# [Dataset extract]
########
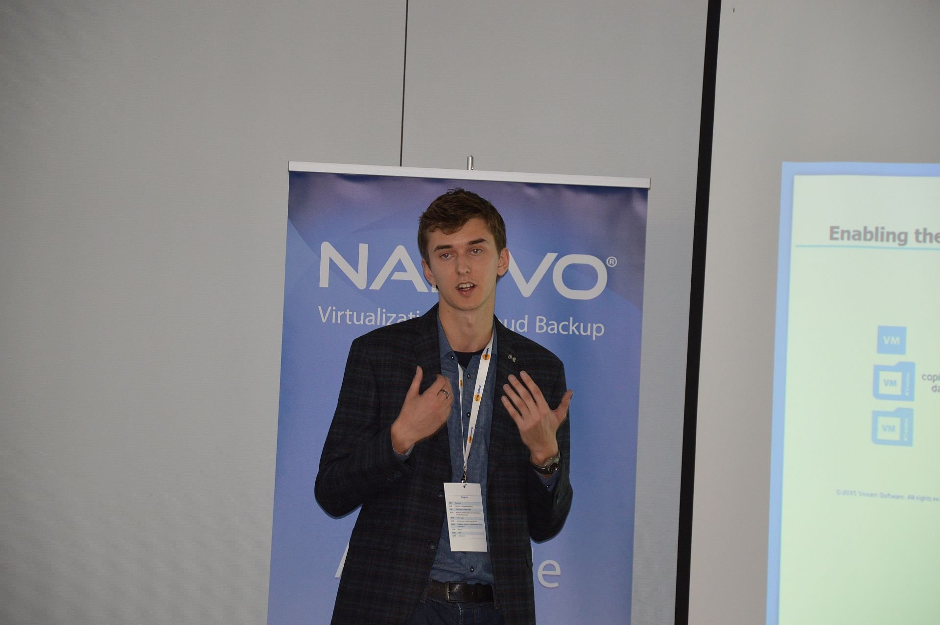 Druhé části prezentace společnosti StarWind se zhostil Andrew Tuzov působící na pozici senior manager of special projects. Andrew svou prezentaci zahájil ve všeobecné rovině, kdy nejprve zmínil zásady správného zálohování, prostřednictvím kterých se dostal až k řešením společnosti StarWind, jejich pojetí a největším výhodám a odlišnostem ve srovnání s konkurencí. Partneři se následně seznámili i s produktovým portfoliem zahrnujícím tzv. hyperkonvergovaná zařízení, storage zařízení a zařízení pracující s tzv. virtuálními páskami (VTL).
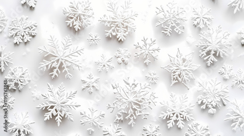 Tiny snowflakes on a pure white canvas. Brightfern. Illustration
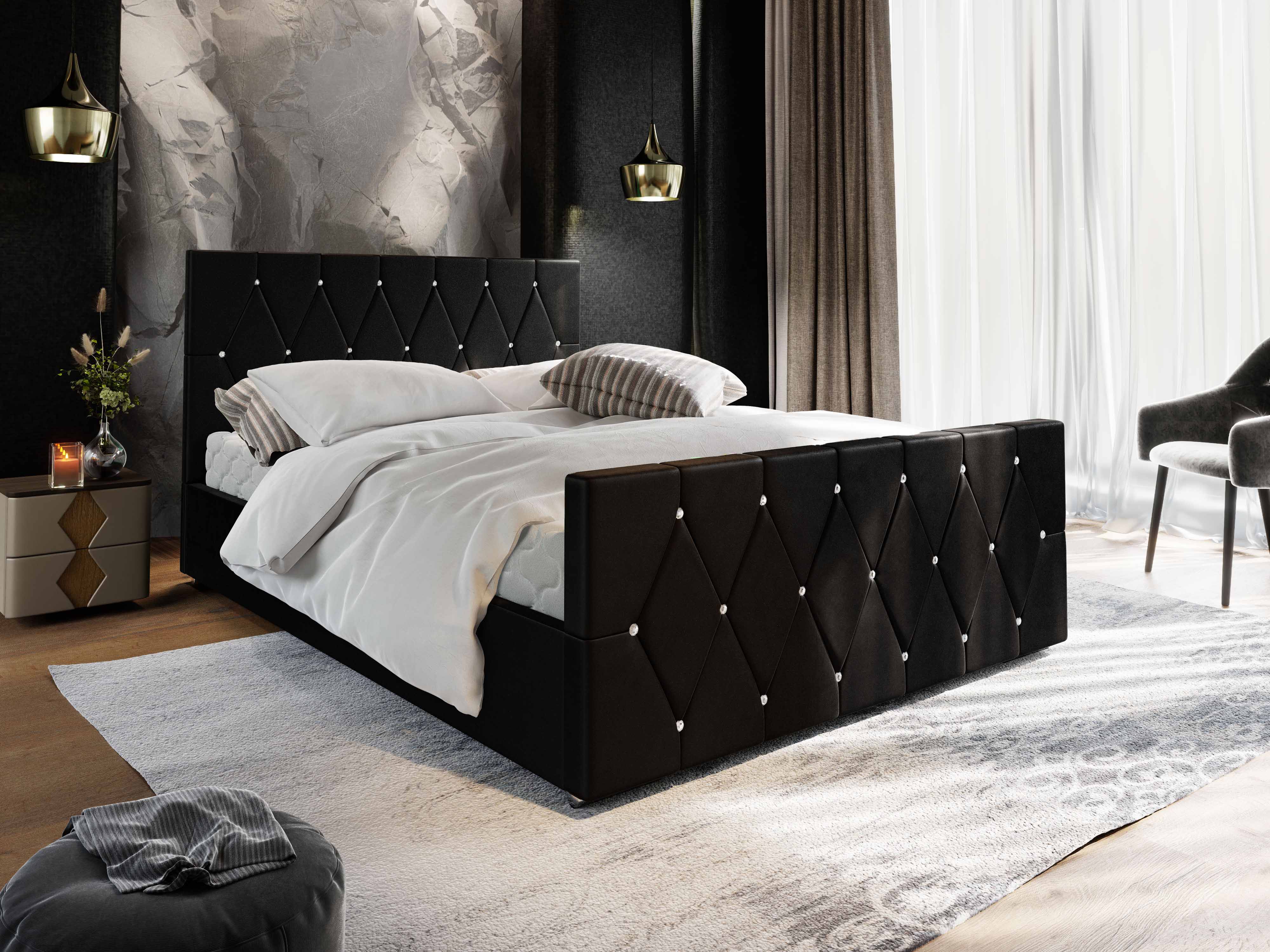 Franciaágy 180 cm Illa (fekete) (ágyráccsal és tárolóhellyel)
########
# [Task instructions]
Only the pictures are to be left out; all other material is to be output exactly.

# [Written reply]
 Druhé části prezentace společnosti StarWind se zhostil Andrew Tuzov působící na pozici senior manager of special projects. Andrew svou prezentaci zahájil ve všeobecné rovině, kdy nejprve zmínil zásady správného zálohování, prostřednictvím kterých se dostal až k řešením společnosti StarWind, jejich pojetí a největším výhodám a odlišnostem ve srovnání s konkurencí. Partneři se následně seznámili i s produktovým portfoliem zahrnujícím tzv. hyperkonvergovaná zařízení, storage zařízení a zařízení pracující s tzv. virtuálními páskami (VTL).
 Tiny snowflakes on a pure white canvas. Brightfern. Illustration
 Franciaágy 180 cm Illa (fekete) (ágyráccsal és tárolóhellyel)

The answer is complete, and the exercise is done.